Village Supermarkets, Inc. v. West Orange Tp.

503 A.2d 370, 206 N.J. Super. 597
CourtNew Jersey Superior Court Appellate Division
DecidedJanuary 9, 1986
StatusPublished
Cited by9 cases

This text of 503 A.2d 370 (Village Supermarkets, Inc. v. West Orange Tp.) is published on Counsel Stack Legal Research, covering New Jersey Superior Court Appellate Division primary law. Counsel Stack provides free access to over 12 million legal documents including statutes, case law, regulations, and constitutions.

Bluebook
Village Supermarkets, Inc. v. West Orange Tp., 503 A.2d 370, 206 N.J. Super. 597 (N.J. Ct. App. 1986).

Opinion

206 N.J. Super. 597 (1986)
503 A.2d 370

VILLAGE SUPERMARKETS, INC., PLAINTIFF-APPELLANT,
v.
TOWNSHIP OF WEST ORANGE, DEFENDANT-RESPONDENT.
CENTRE PROPERTIES CO., PLAINTIFF,
v.
TOWNSHIP OF WEST ORANGE, DEFENDANT-RESPONDENT.

Superior Court of New Jersey, Appellate Division.

Argued December 3, 1985.
Decided January 9, 1986.

*599 Before Judges PRESSLER, DREIER and GRUCCIO.

Lawrence S. Berger argued the cause for appellant (Lawrence S. Berger, attorney; Bruce D. Nimensky, on the brief).

Matthew J. Scola argued the cause for respondent.

The opinion of the court was delivered by PRESSLER, P.J.A.D.

Plaintiff Village Supermarkets, Inc. appeals from the dismissal by the Tax Court of its consolidated complaints by which it challenged a 1979, 1980 and 1981 real property tax assessment of the defendant Township of Orange. The primary question raised by this appeal is whether a so-called net lessee, who is contractually obligated to assume the full tax burden for the property, is a "taxpayer" within the intendment of N.J.S.A. 54:3-21 and therefore entitled to prosecute an appeal from the assessment.
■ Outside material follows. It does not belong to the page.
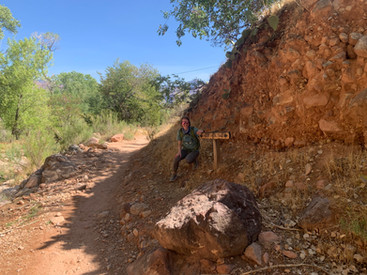We spent about 15 minutes at each break point (1.5 and 3 mile rest houses) filling our water bottles and stretching our legs. Deeper we hiked, passing fewer and fewer hikers as we made our way to Indian Garden. The trail grew more flat and narrow, cacti crowding our feet as we moved. I stopped occasionally to peer into the distance, searching for the place where we began our journey high above where our feet left footprints in the sand. The sun had finally found us, scorching our backs as we peeled off the layers that had once fended off the chill. We found shade at the campgrounds of Indian Garden. Tall green cottonwood trees with large leaves provided shelter from the sun's rays and a respite before the ascent back up. We spent half an hour exploring this heavenly place, lathering on a layer of sunscreen, draining our water bottles, and munching on carb heavy snacks to replenish our stores.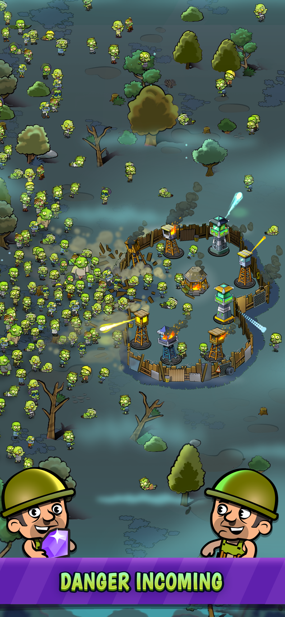All eyes of the world are looking at this small outpost in the woods. As zombies crawl towards you you need to build and merge towers, upgrade them and prepare the nukes to fight agains evil zombies. Those creatures will tear as apart if we let them across the wall. Be aware of the mutant zombies, cause they can breach the wall and in- danger the human kind. Put more barb wire, spikes and even tyres on the wall to protect us from this evil zombies.

The controversy involves a multi-tenanted shopping center consisting of several buildings constructed on property which is assessed as a single parcel. Although the assessor's property record card shows a separate valuation for each building, the actual assessment has a single "buildings" component and the tax bill is so issued. Plaintiff is the tenant, under a 50-year *600 lease,[1] of one of the buildings in which it operates a Shop-Rite supermarket. The property was owned during the tax years here in question by Centre Properties Company, which transferred title to Mutual of New York during the pendency of the litigation. Plaintiff's lease requires it to pay a proportionate share of the real estate taxes assessed against the property, calculated as follows:

(a) An amount equal to the real estate tax attributable to the assessed valuation of the building and improvements to be erected by the Tenant, plus,
(b) An amount equal to the real estate tax attributable to the assessed valuation of the demised land without the building, plus,
(c) An amount equal to the real estate taxes assessed against the Shopping Center for the land and improvements, exclusive of the land and buildings occupied by Tenants, and multiplied by a fraction the numerator of which is the square footage of the floor area of the Tenant's building, and the denominator of which is the total square footage of the floor area of all stores in the Shopping Center determined as of the commencement of the lease year.

It appears that all other shopping center tenants are also obliged by their respective leases to pay a proportionate share of real estate taxes. The owner, although remaining primarily liable to the taxing authority, is thus fully and effectively relieved of the actual obligation for the local tax burden.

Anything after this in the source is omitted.